(Note: edited to remove reference to hierarchical models specifically)

So the manual shows how models with repeated binary outcomes can have the likelihood part of computation accelerated through use of sufficient stats, and we’ve worked out the same acceleration for repeated Gaussian outcomes.

These strategies work great when repeated observations is ubiquitous at the level of the likelihood (ex. in a hierarchy of schools as groups and students as observations there’s multiple students in each school, in a hierarchy of human respondents on a survey and survey items as observations there’s multiple items for each human, etc.).

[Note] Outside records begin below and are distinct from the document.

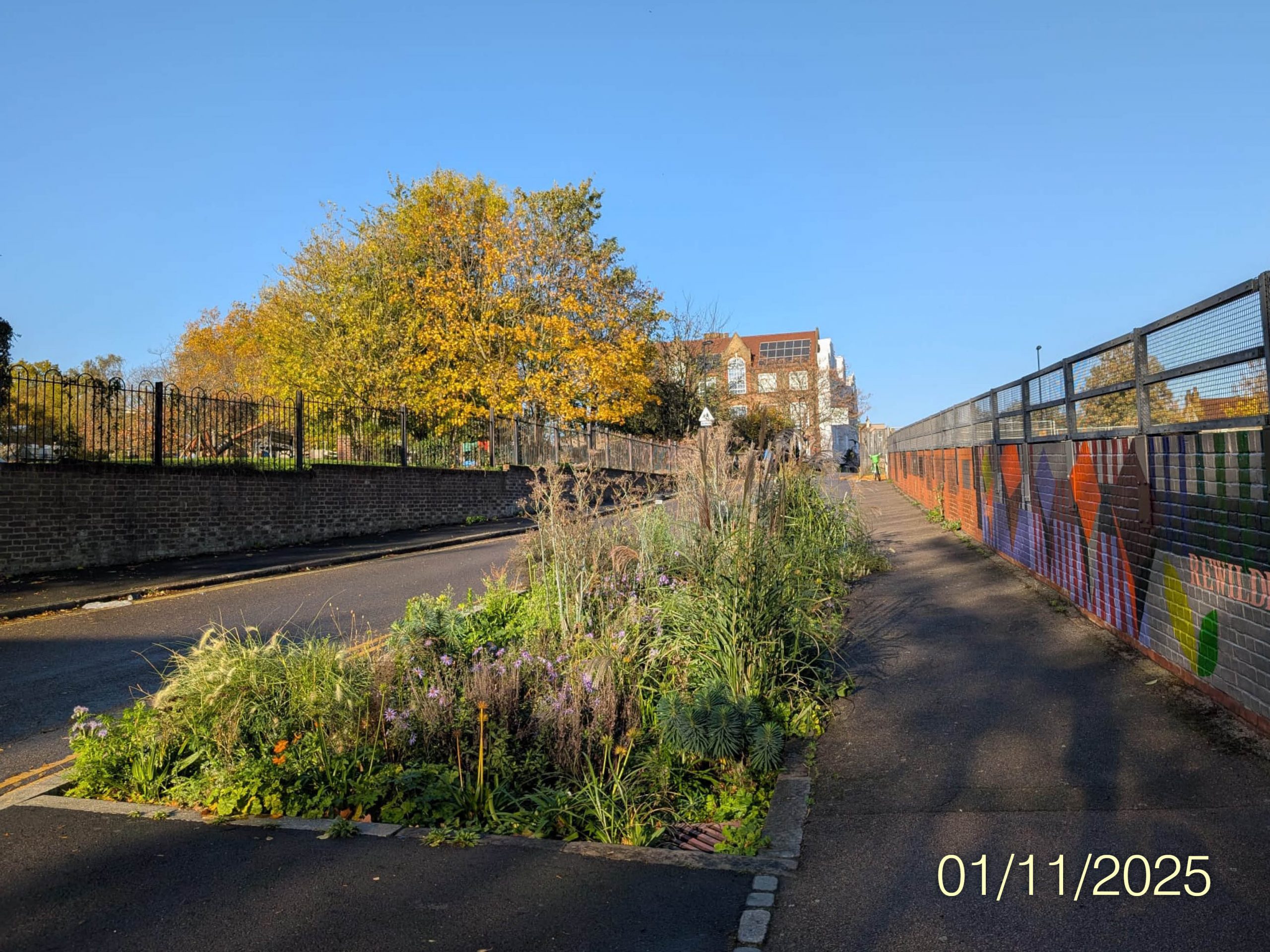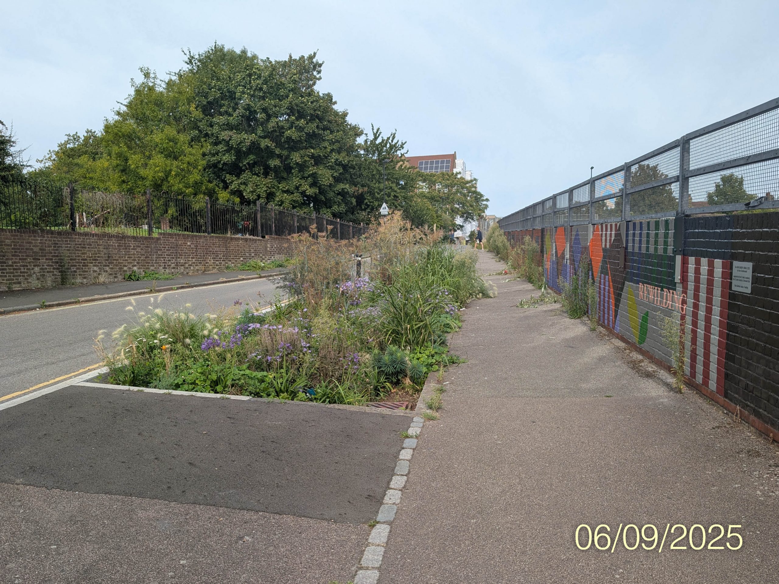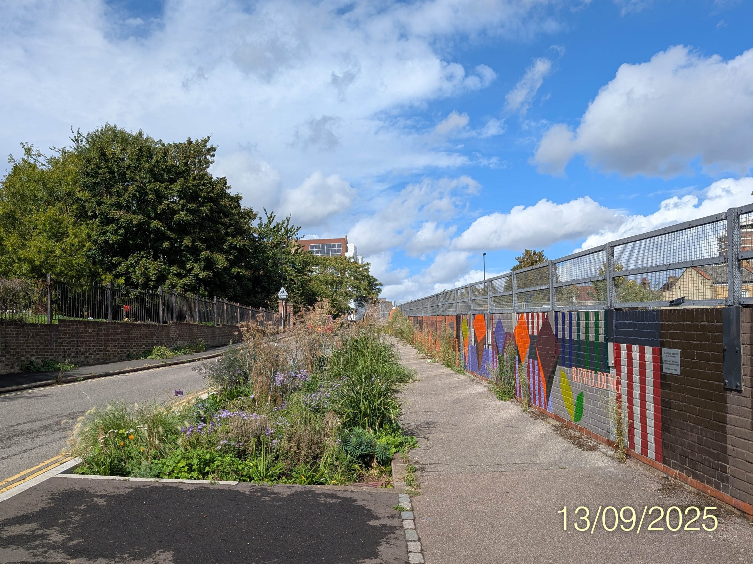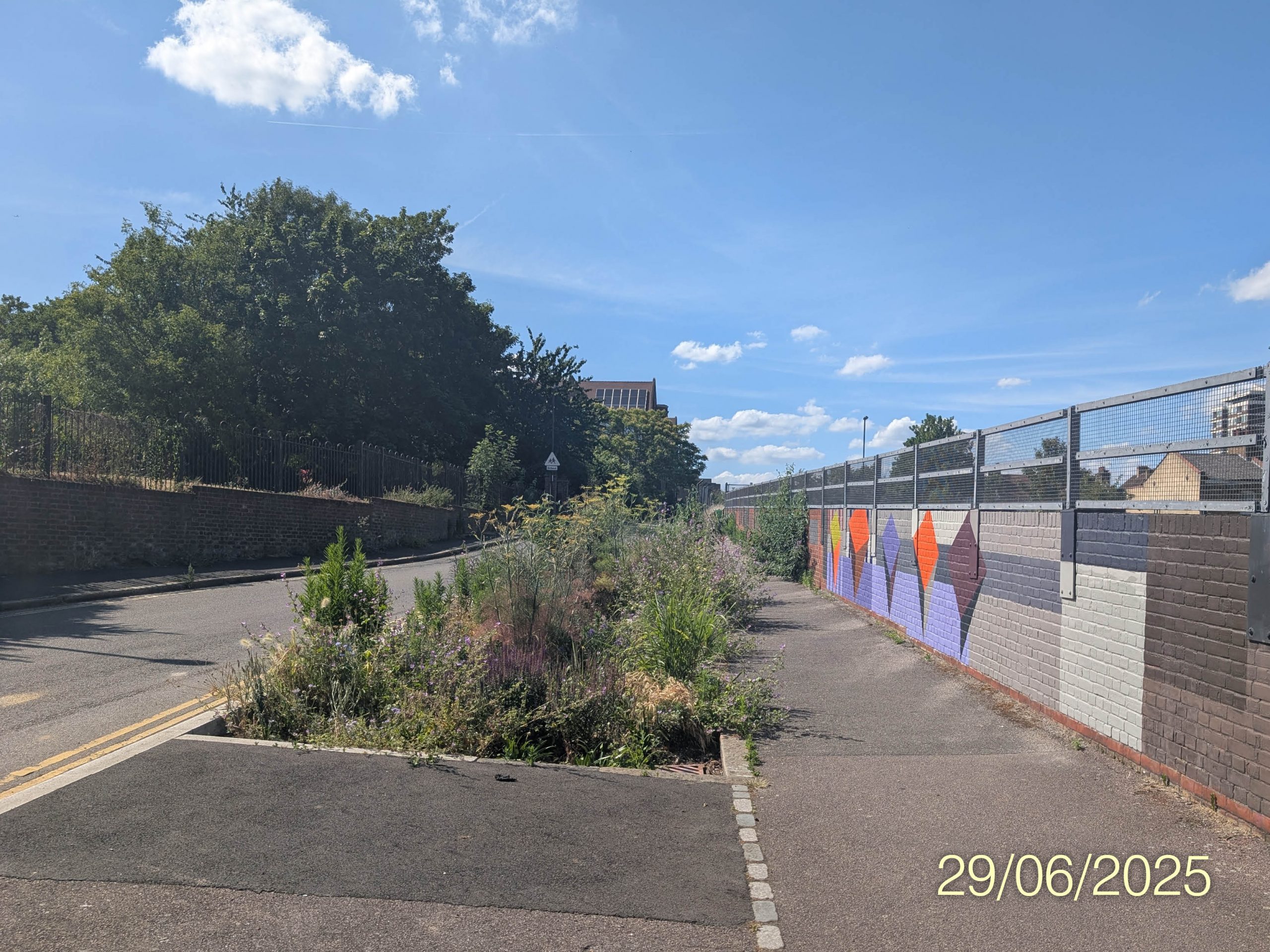 In July this year, the rain garden was joined by a similarly colourful and uplifting mural, painted by our very own Alma Tischlerwood following a successful funding application from Network Rail.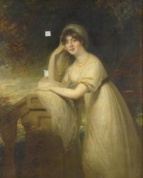 | Keywords: Princess Sophia Matilda of Gloucester - Beechey 1803-5.jpg Artwork Creator Henry William Beechey This portrait must date from c 1800 when the sitter was 23 It is executed in a formula devised by Reynolds and Romney in the 1770s to express a young lady ™s simplicity and sensibility The white dress veil and strings of pearls are simple and unaffected; the tender posture dreamy smile flushed cheeks and natural setting convey the sitter ™s fine feelings between 1803 1805 oil on canvas cm 143 114 4 Institution Royal Collection of the United Kingdom <small>See source section </small> object history The sitter was George III ™s niece whose brother William Frederick Duke of Gloucester 1776-1834 married George III ™s daughter Mary which may be the reason why this and other Gloucester portraits came into the Royal Collection exhibition history It has rested in the Royal Collection since its original painting date credit line Her Majesty Queen Elizabeth II accession number RCIN 406663 http //www royalcollection org uk/collection/406663 Royal Collection org uk PD-old-100 Uploaded with UploadWizard Princess Sophia Matilda of Gloucester 19th-century portraits of women Henry William Beechey |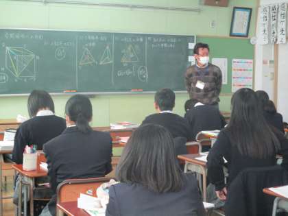 3年数学 空間図形を見ながら面積を出したり・・・、集中のひと時。
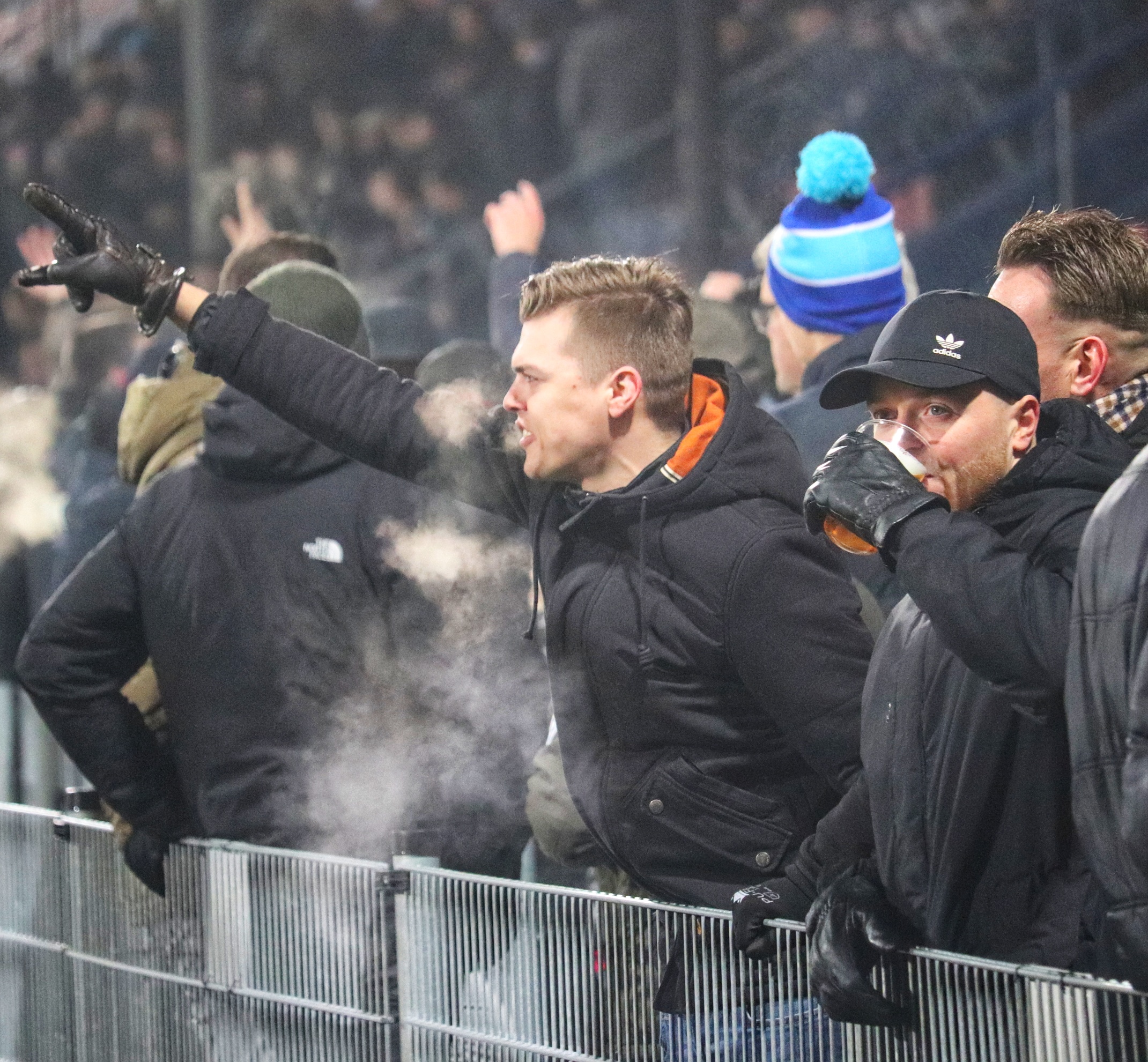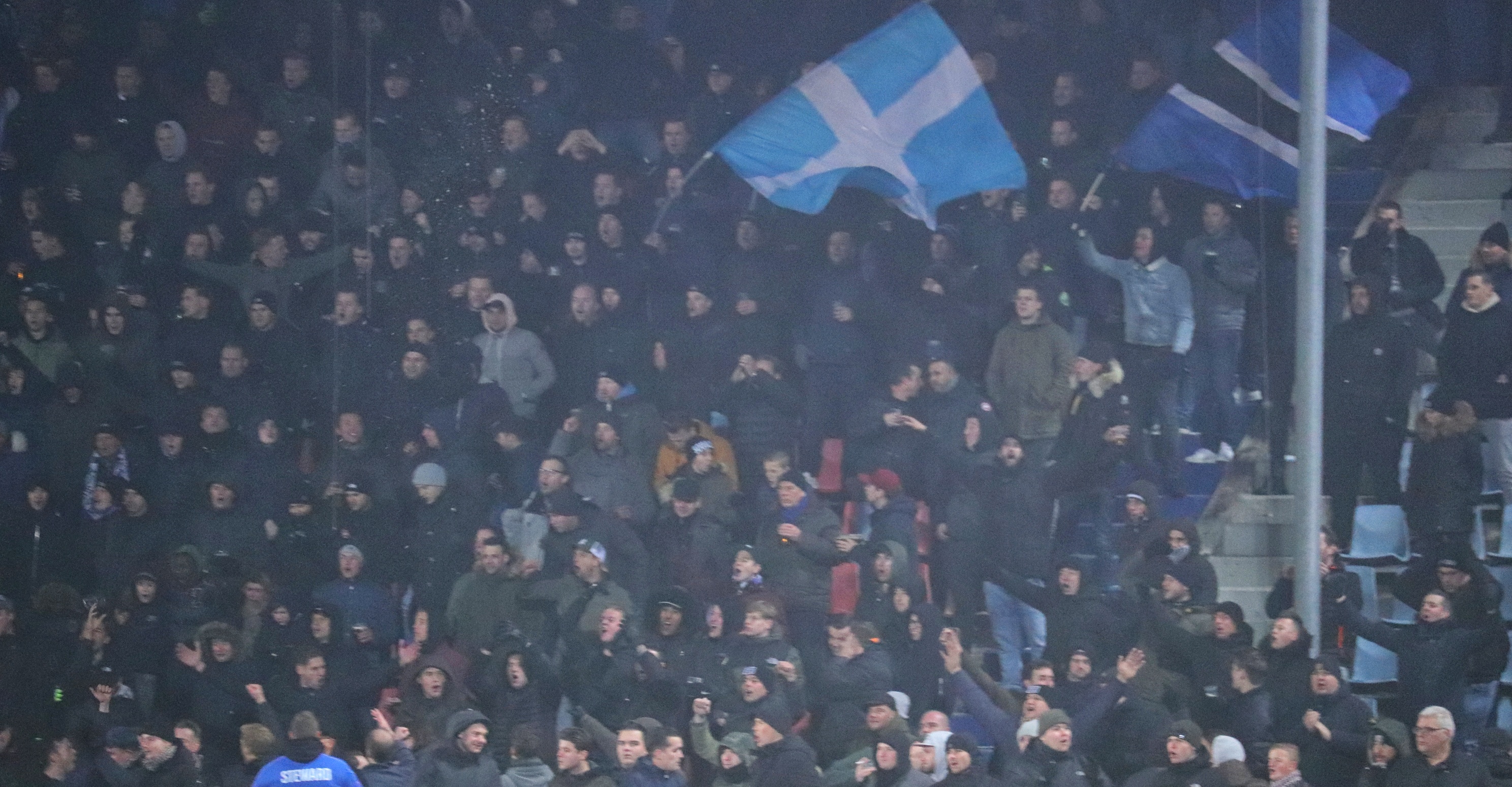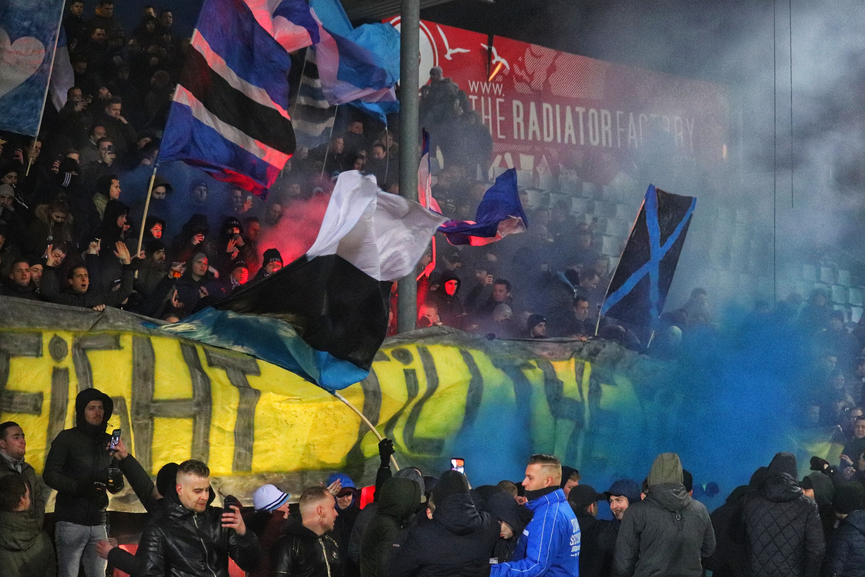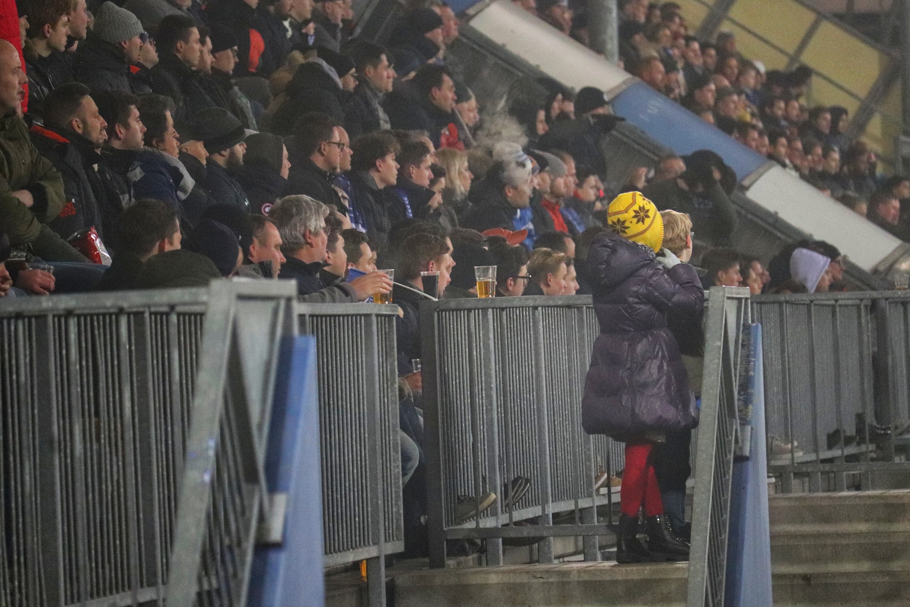 Bij de opkomst wordt er door de FC Den Bosch supporters verschillende soorten pyro afgestoken, in combinatie met de vlaggen een prachtig gezicht. De sfeer is prachtig, maar slaat na de aftrap niet over naar het veld. Er zijn, mede door het ku(ns)tgras, weinig felle duels. De eerste kans ontstaat pas na 23 minuten als de Blauw-Witten opeens voor het doel van Top Oss opduiken en de lat raken. De sfeer kakt in en ik ben dan ook blij als er na 45 ijskoude minuten wordt afgefloten.

However, it’s often the case that data contains mostly repeated observations per group, but some hierarchical groups have only one observation. I those cases, I’ve thusfar been reverting back to the non-accelerated “observation-level” computation of the likelihood, assuming that if I naively incremented the target using sufficient stats for those groups with repetitions then separately incremented the target using the observation-level likelihood, that this would not be appropriate (possibly reflecting giving higher weight to one or the other?).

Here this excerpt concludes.